Stored items:
______________________________

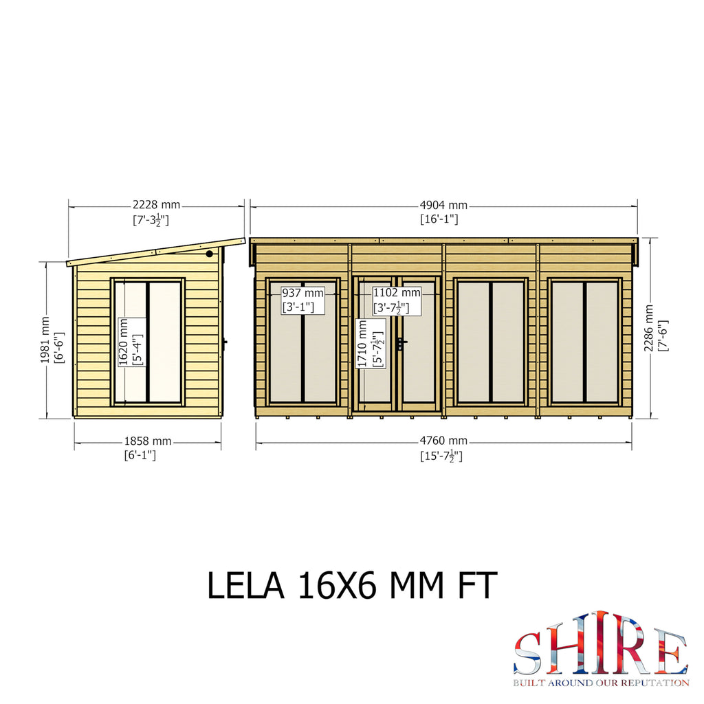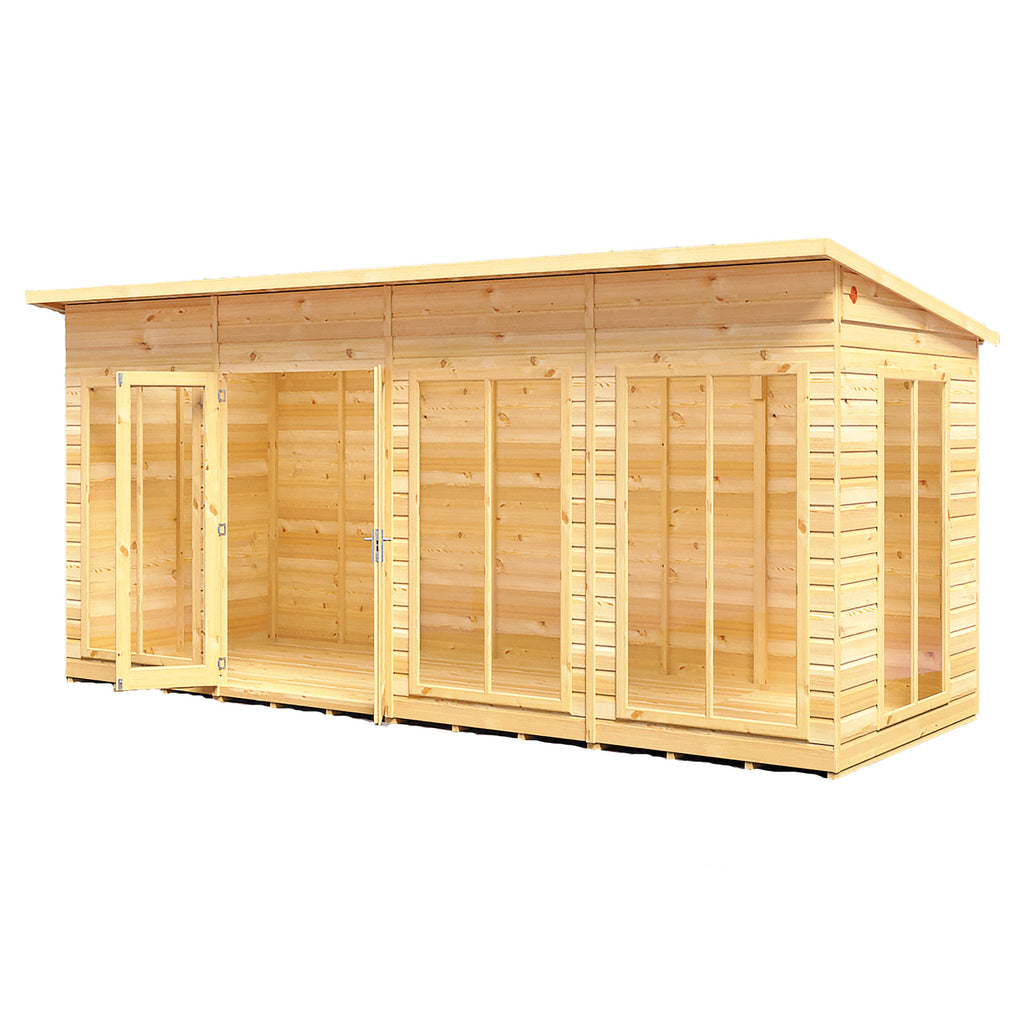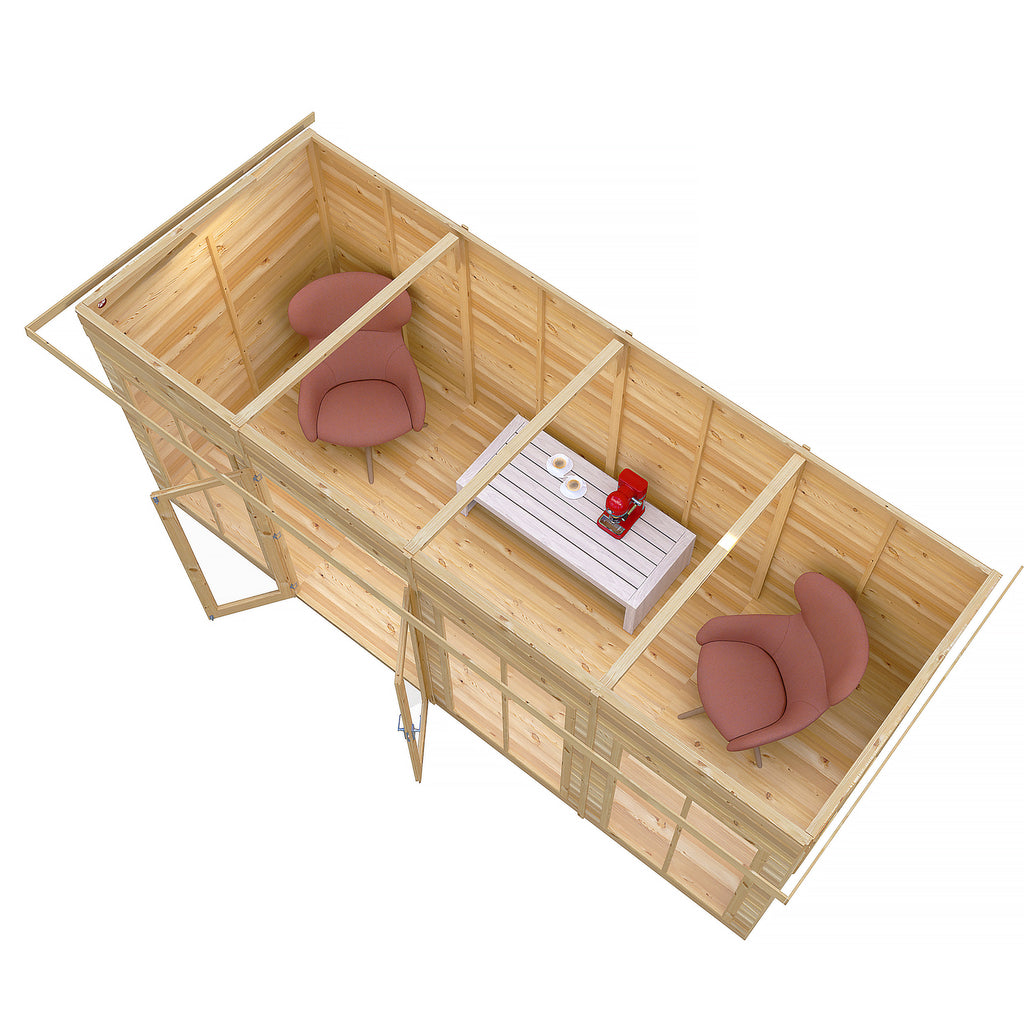 The stylish Lela Summerhouse is a valuable addition to your outdoor living - this modern garden room is perfect for summer dining and relaxing. With an eaves height of around 7 ft high, the Lela provides a very comfortable, spacious interior. The joinery made double doors are fitted with a mortice lock. The windows are fixed and all glazing is acrylic for your safety. The building is constructed on 34 mm square framing and clad with planed shiplap tongue and groove boards made only from the highest grade, FSC approved, slow grown pine. The floor and roof are 12mm matching T&G boards and the roof comes with roof felt supplied. Dipped base coat preservative ready for you to top coat.
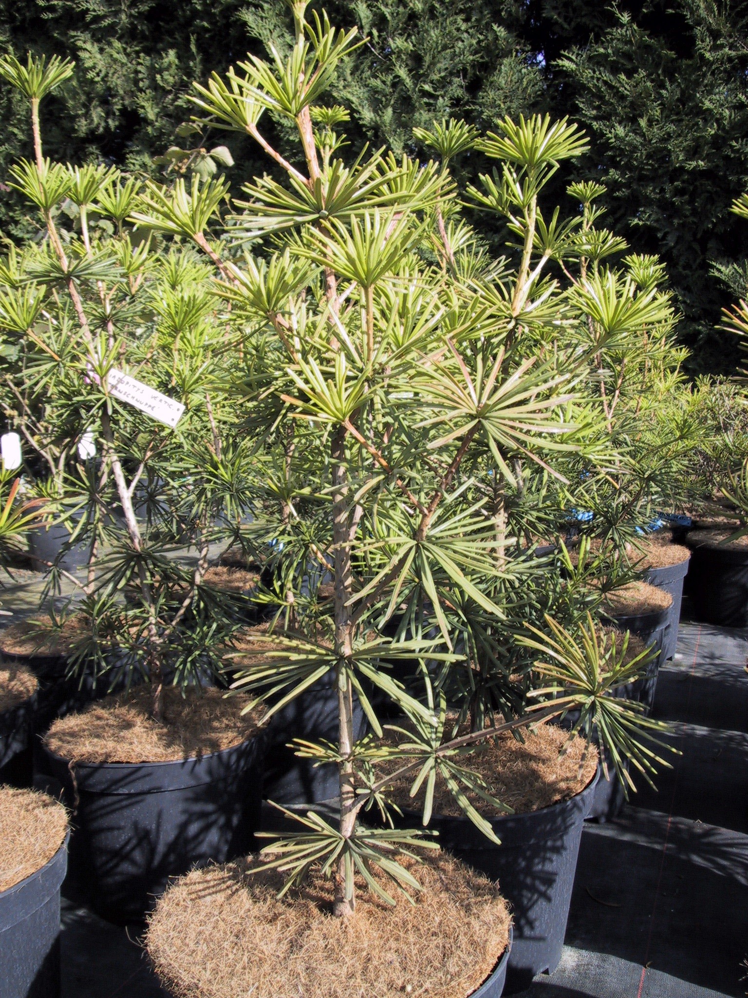Goed winterharde, kleinblijvende Japanse parasolden. Houdt het meest van een standplaats in de zon of halfschaduw. Wordt een goede 2 meter.
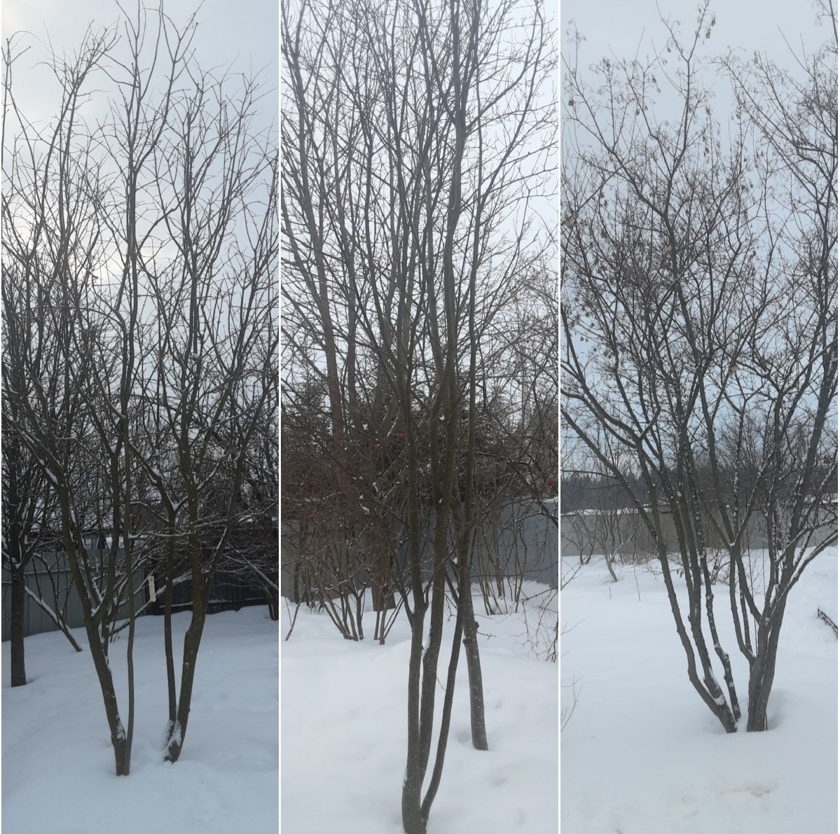 КрыжИр, Ира, а как ты отнесешься к предложению - все три посадить: в вершине угла - иргу сортовую, слева за скамейкой(вместо сортовой сирени, которая декоративна только во время цветения) - Амурскую сирень, справа за скамейкой - клен Гиннала. По зимним фото можно представление составить по габитусу.
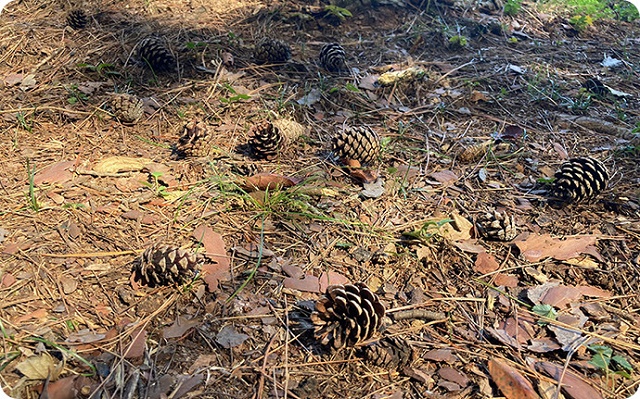▽『役目を終え、地面に落ちた松ぼっくりたち』
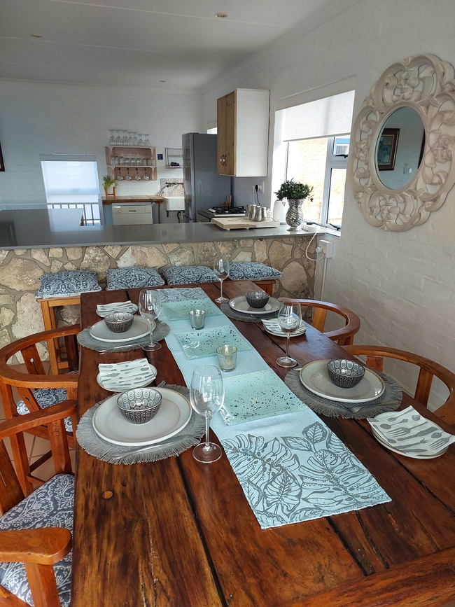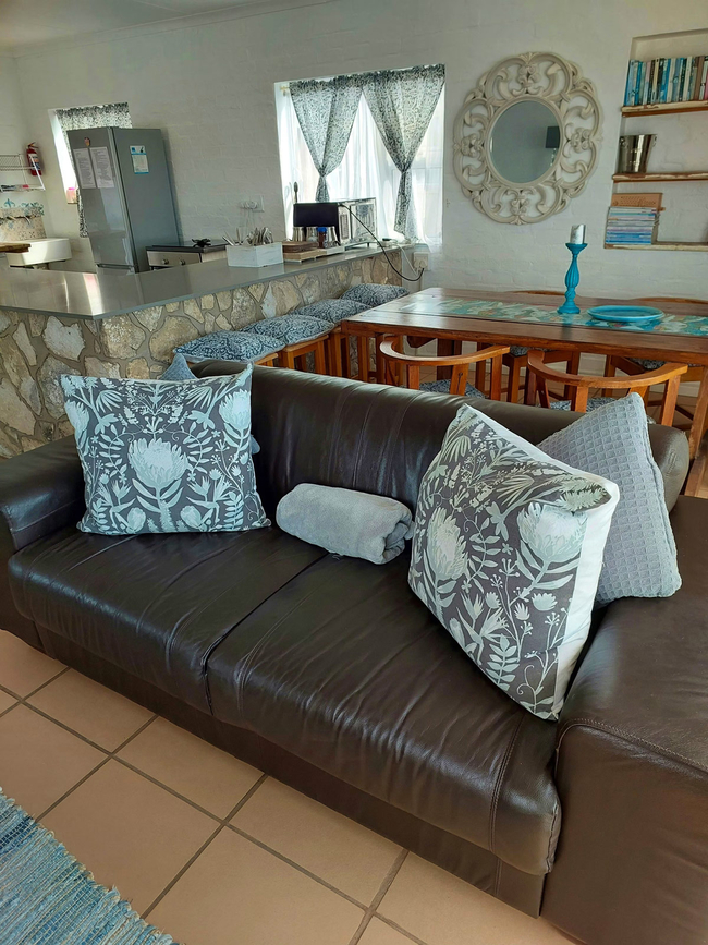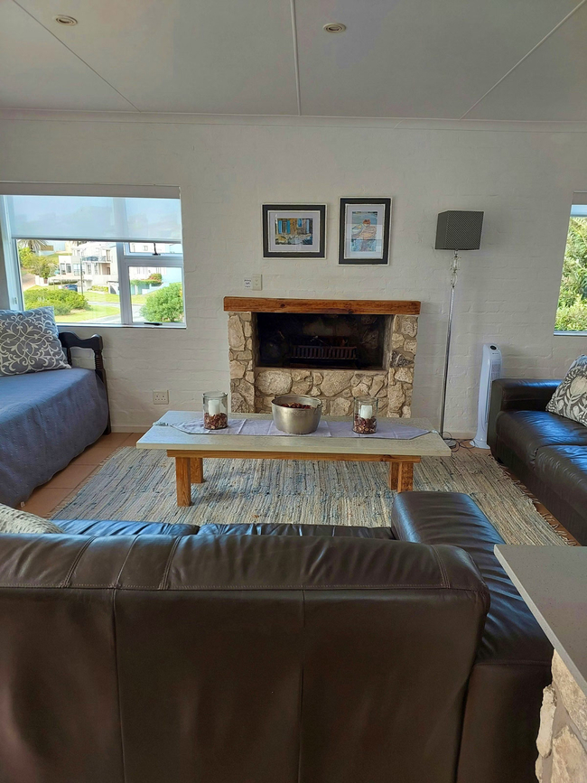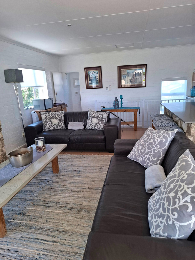 Pampoentjie @ Lieflappie provides stunning ocean views and a stylish, fully self-contained space in the picturesque Still Bay region. The unit comfortably accommodates up to four adults and one child, featuring two tastefully furnished bedrooms and a single bathroom. The first bedroom offers a double bed, while the second bedroom contains a king-size bed that can be separated into two single beds upon request. The bathroom is equipped with a shower, washbasin, and toilet. Additionally, a toddler bed is situated beneath the staircase, and a child-only bed is located in the living area for added convenience. The open-plan living area includes a fully equipped kitchen with a gas stove, electric oven, microwave, fridge-freezer, dishwasher, and all necessary cutlery and crockery, complemented by a breakfast bar with stools. Adjacent to the kitchen is a six-seater dining table, perfect for shared meals. The lounge area offers comfortable leather couches, a fireplace, and a television with DStv, while guests can also enjoy complimentary Wi-Fi throughout the property. Outside, a private patio provides an outdoor dining area, braai facilities, and panoramic sea views, ideal for relaxing or entertaining. Guests enjoy complete privacy, with no facilities shared between units. Each accommodation has a separate entrance and a dedicated braai area. The property is equipped with an inverter, solar panels, and gas geysers, ensuring uninterrupted comfort even during load-shedding periods.
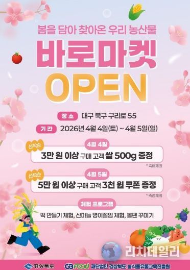 리치데일리 김상현 기자 | 경상북도는 오는 4월 4일부터 12월 6일까지 매주 토․일요일 오전 9시부터 오후 5시까지 대구시 북구 구리로에 위치한 경상북도 농업자원관리원에서 바로마켓 경상북도점을 운영한다고 밝혔다.
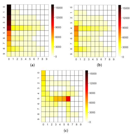 Traffic heatmaps. (a) C1 (RPL in non-storing mode); (b) D1 (RPL in storing mode); (c) D2 (proxy selection algorithm).
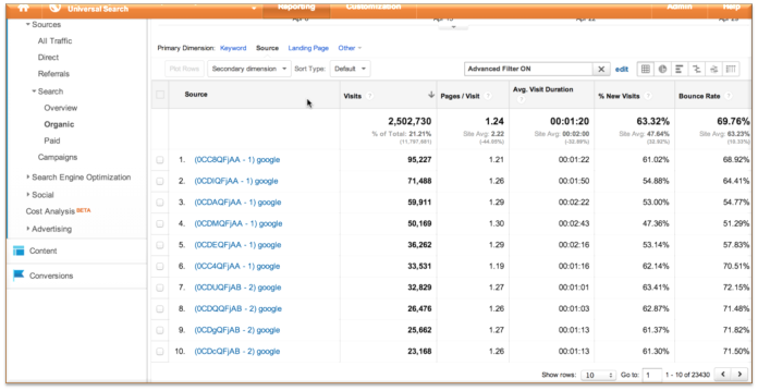 Matthew and I knew the only way to reclaim *some* of this lost data was to start looking at other sources. Luckily, Matt speaks Spanish (sort of) and came across this blog. The author posited that the 'ved' parameter in the Google referral string held some magic in determining the vertical that result appeared in. After doing some quick searches, and looking at the “href” values for the results, it seemed like he was onto something. We immediately set up Google Analytics profile filters to extract this parameter on a client that receives 300,000 search referrals from Google per day. After a couple of hours, we were loaded with enough data to start confirming some of the authors theories and coming up with a few of our own. I will layout what we found, provide a step-by-step tutorial to setup Google Analytics filters, and provide a few examples of how to use the data.
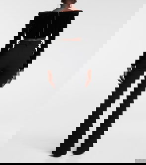 Crystal-embellished Pinstripe Velvet Bodysuit
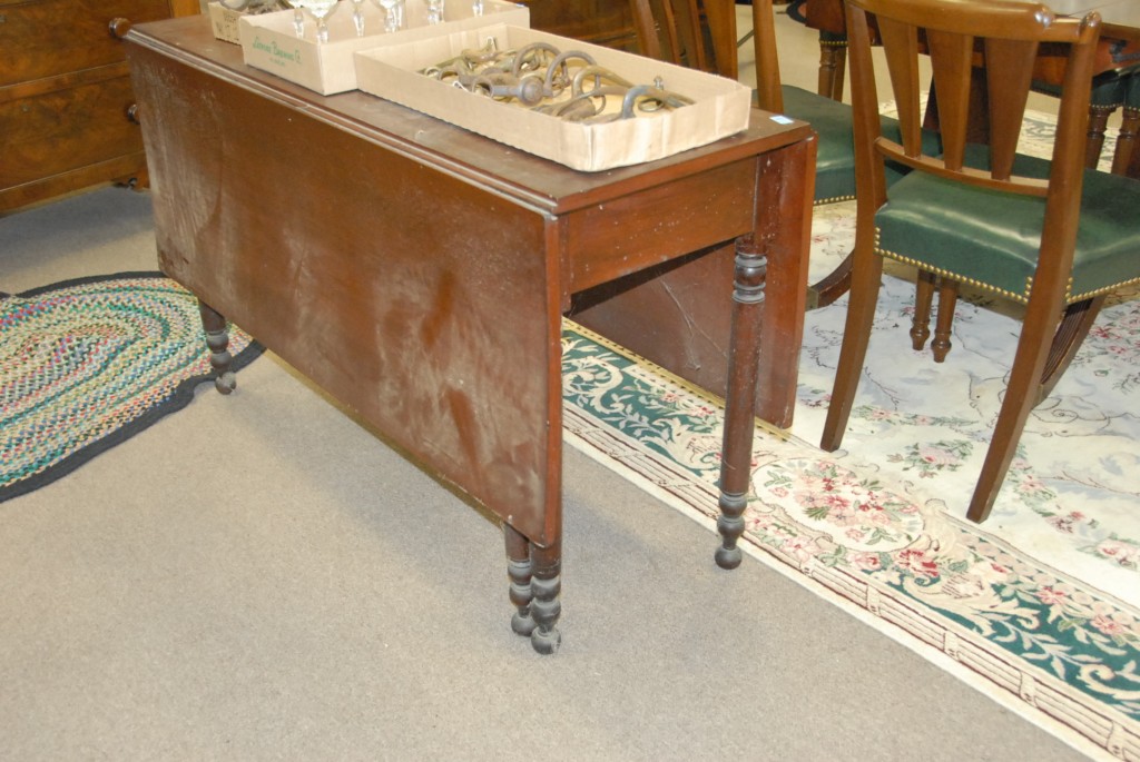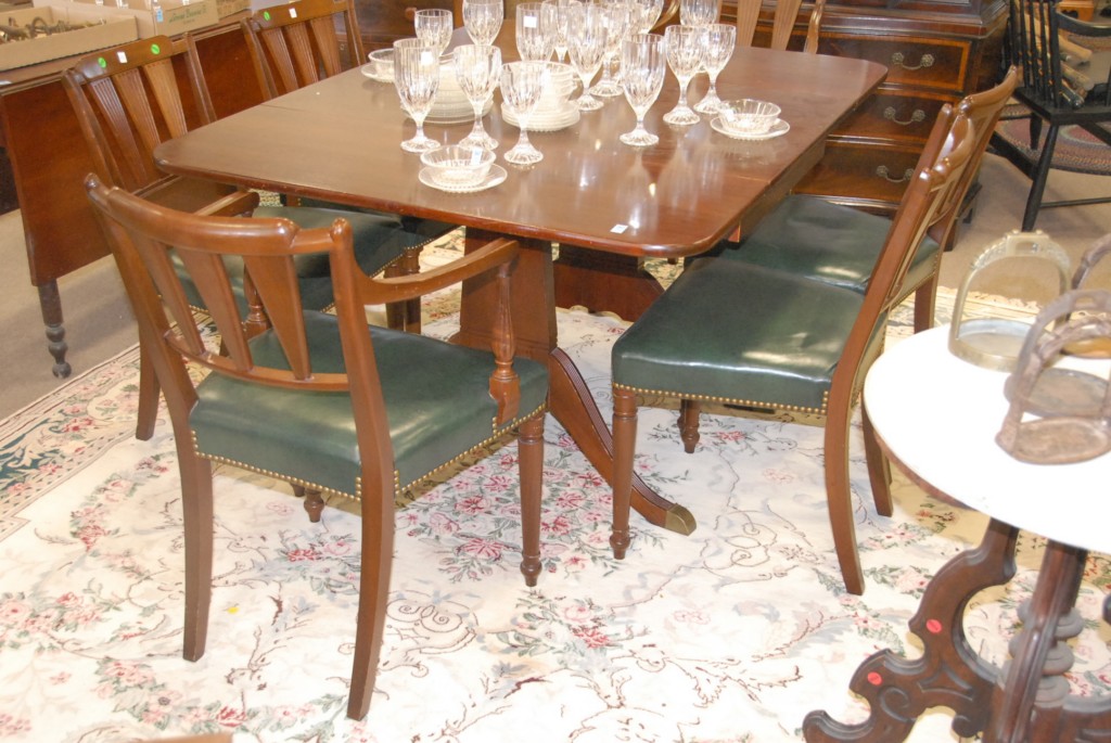 Seven piece dining set mahogany drop leaf table and six mahogany chairs with leather seats.
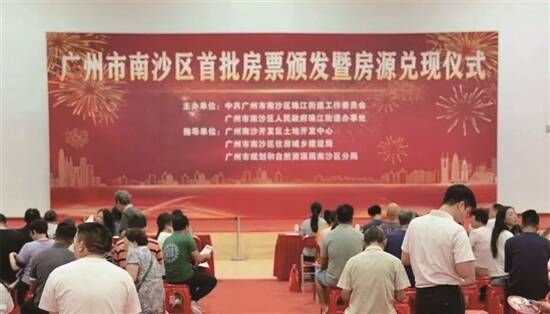 广州市规划和自然资源局南沙区分局、南沙区住房和城乡建设局、南沙区土地开发中心、珠江街道、工商银行南沙分行等单位领导出席仪式,并为18户首批获得房票资格的居民颁发房票凭证。

______________________________

* **What needs to be done**:
All lines from the one containing "Traffic heatmaps. (a)" through the final line of the entries above must be restated word for word, pictures excluded.

* **Solution to this exercise**:
 Traffic heatmaps. (a) C1 (RPL in non-storing mode); (b) D1 (RPL in storing mode); (c) D2 (proxy selection algorithm).
 Matthew and I knew the only way to reclaim *some* of this lost data was to start looking at other sources. Luckily, Matt speaks Spanish (sort of) and came across this blog. The author posited that the 'ved' parameter in the Google referral string held some magic in determining the vertical that result appeared in. After doing some quick searches, and looking at the “href” values for the results, it seemed like he was onto something. We immediately set up Google Analytics profile filters to extract this parameter on a client that receives 300,000 search referrals from Google per day. After a couple of hours, we were loaded with enough data to start confirming some of the authors theories and coming up with a few of our own. I will layout what we found, provide a step-by-step tutorial to setup Google Analytics filters, and provide a few examples of how to use the data.
 Crystal-embellished Pinstripe Velvet Bodysuit
 Seven piece dining set mahogany drop leaf table and six mahogany chairs with leather seats.
 广州市规划和自然资源局南沙区分局、南沙区住房和城乡建设局、南沙区土地开发中心、珠江街道、工商银行南沙分行等单位领导出席仪式,并为18户首批获得房票资格的居民颁发房票凭证。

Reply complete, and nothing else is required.